I had been listening to their going at it hammer and tongs, in a genteel sort of way, with, strong on me, a growing feeling that the world was turning topsy-turvy. When she said that to my boy I at last had a chance of getting a word in edgeways.
'If you please, miss, what was that you said to Jimmy?'
For answer she set down Jimmy and picked up his father's likeness.
'You say that this was your husband?'
'Yes, miss; he was; and is.'
'Then, my dear, in that case you're the Marchioness of Twickenham.'
'Miss! What--what's that you say?'
'I say that you're the Marchioness of Twickenham, since it's certain your husband was the Marquis; and I say also that your son, reigning in his stead, is the Marquis of Twickenham now.'
'I--I don't understand.'
My heart was beating against my ribs--oh, dear!

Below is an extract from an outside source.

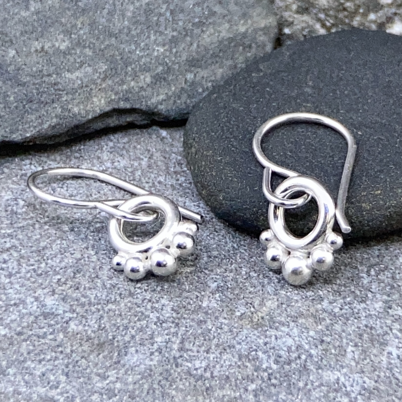 A small hollow boulder with granules fused to the bottom and suspended on an Argentium silver earwire.
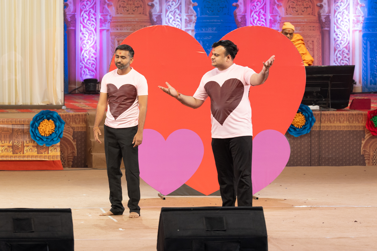 Balaks lead everyone in reciting the sadhana mantra and daily prayer in Swamishri's puja

'Your husband's life was a strange one. One day I'll tell you as much of it as you care to know. But its strangeness did not alter the fact that he was the Marquis of Twickenham; and, indeed, now that I have seen you, I am beginning to understand that at least the latter part of it was not so strange as I imagined.'
'You--you say my James is--the Marquis of Twickenham?'
'He was.'
'Was? Where is he?'
'My dear, he's dead. Your boy is the Marquis now.'
'Dead?--dead?--dead? My James--dead?'
'He died on the day following that on which you saw him last.'
'Died? He died? And--you knew it?'
'I did not know that you were his wife; or, indeed, that he had a wife at all, until just now.'
'And--he knew it?'
'Mr. Howarth knew that the late Marquis was dead; whether he knew that he was your husband is another matter. My dear, you must judge him leniently. When you know the whole strange story you will think better of us all than you may be disposed to do at present.'
'You say--my James is dead? Then--he killed him?'
'Hush! You mustn't utter such wild words; you mustn't think such dreadful thoughts. Your husband died in his bed--in my presence, and in the presence of other persons, among whom were two doctors.'
'He killed him!' She laid her hand upon my shoulder. I shook it off. 'Don't touch me!--don't dare! He killed him!'
'My dear child, if, as you will have it, there was any killing, the hand which slew him was the Lord's. Although you don't seem to have been aware of the fact, your husband's heart was always weak. What had been expected for years took place at last; his heart collapsed, and there was an end.'
'You, who've been in my house all the morning pretending you knew nothing, when all the time you knew that my James was dead--you now want to make out that you knew him better than I did! You may be a sly fine lady, but you're a fool. What you say's lies--lies--all lies! But it's not you I want to speak to--you're nothing. It's him! Get out of my way, and let me pass.'
She got out of my way, or I'd have knocked her down. I could have done it. And I went to Mr. Howarth.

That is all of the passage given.